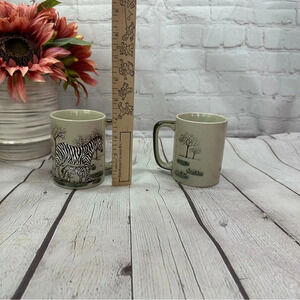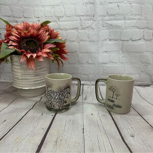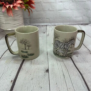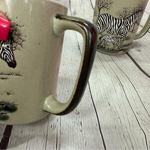 Vintage otagiri speckled mug hand painted zebra safari wildlife scene set of 2
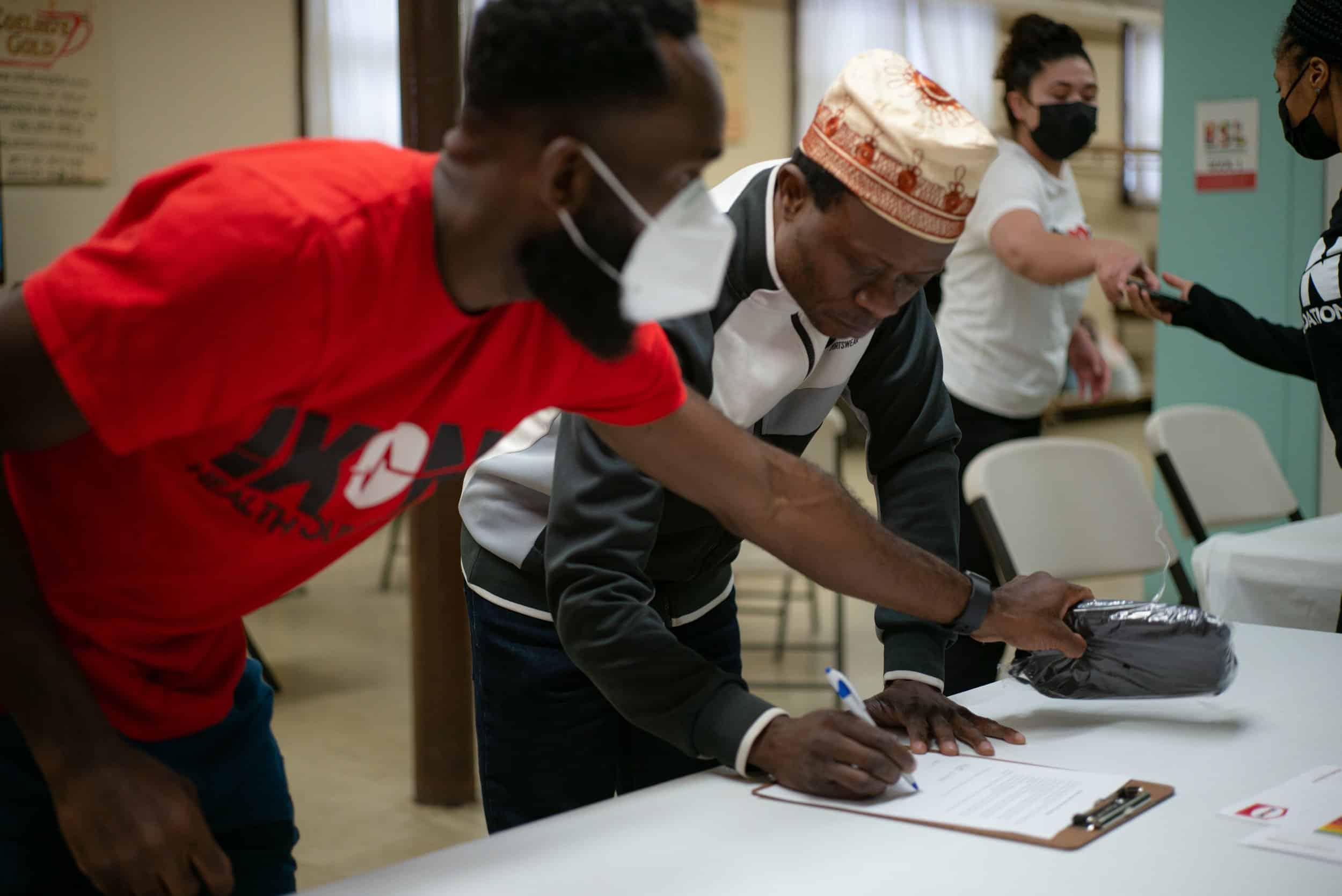 Ikenna Ogwuegbu helps Congolese Refugee Elijah Kidjana sign in for health screenings. Kidjana’s journey to America took years, he said. Decades of war in the Democratic Republic of the Congo forced him from his home in the city of Kisangani. He moved to another city, Goma, but, “war found me in Goma,” he said. He left Congo in 2008.
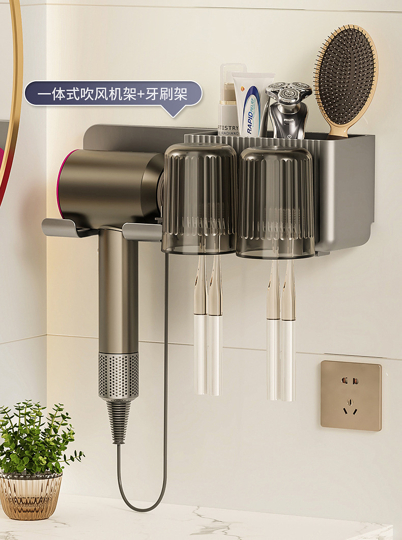 gun gray [storage rack + toothbrush holder + washing cup 2] hair dryer rack

PROBLEM DETAILS: All that is wanted is the run of lines from the start of the material through the line that holds "Ikenna Ogwuegbu helps", retyped exactly, with no pictures.

RESPONSE AREA:
 Vintage otagiri speckled mug hand painted zebra safari wildlife scene set of 2
 Ikenna Ogwuegbu helps Congolese Refugee Elijah Kidjana sign in for health screenings. Kidjana’s journey to America took years, he said. Decades of war in the Democratic Republic of the Congo forced him from his home in the city of Kisangani. He moved to another city, Goma, but, “war found me in Goma,” he said. He left Congo in 2008.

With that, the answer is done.